Using functional MRI with inhaled xenon gas, researchers have now identified for the first time that these debilitating symptoms are related to microscopic abnormalities that affect how oxygen is exchanged from the lungs to the red blood cells.

The LIVECOVIDFREE study, based at five centers across Ontario, and led by Western University professor Grace Parraga, is the largest MRI study of patients with long COVID. The research, published in Radiology, is the first to show a potential cause of these long COVID symptoms. By understanding the cause, team members responsible for patient care have been able to target treatment for these patients.

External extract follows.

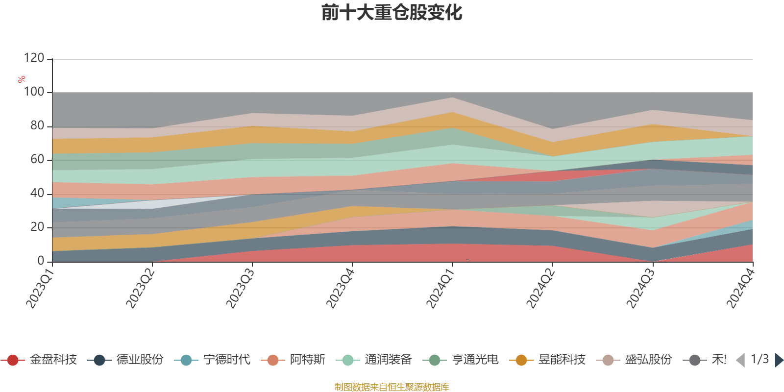 该基金持股集中度较高,近2年前十大重仓股集中度长期超过60%。截至2024年四季度末,基金十大重仓股分别是阳光电源、阿特斯、禾望电气、金盘科技、上能电气、德业股份、禾迈股份、亿纬锂能、宁德时代、锦浪科技。
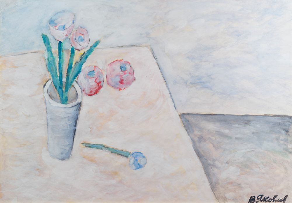Владимир Яковлев стал известен благодаря своей особой интерпретации природы и окружающего мира. Цветы, ставшие главными героями его произведений, в контексте творчества художника могут символизировать не только естественную красоту, но и глубокие философские размышления о жизни и смерти, о цикличности природы и человеческого существования. Владимир Яковлев не просто изображал натуру, но искал в цветах отражение глубоких внутренних эмоций и смыслов.

“I think it is always a conundrum when someone has symptoms, but you can’t identify the problem. Because if you can’t identify the problem, you can’t identify solutions,” said Parraga, Tier 1 Canada Research Chair in Lung Imaging to Transform Outcomes at Western’s Schulich School of Medicine & Dentistry.

By having study participants inhale polarized xenon gas while inside the MRI, the researchers see in real-time the function of the 300-500 million tiny alveolar sacs, which are about 1/5 of a mm in diameter and responsible for delivering oxygen to the blood.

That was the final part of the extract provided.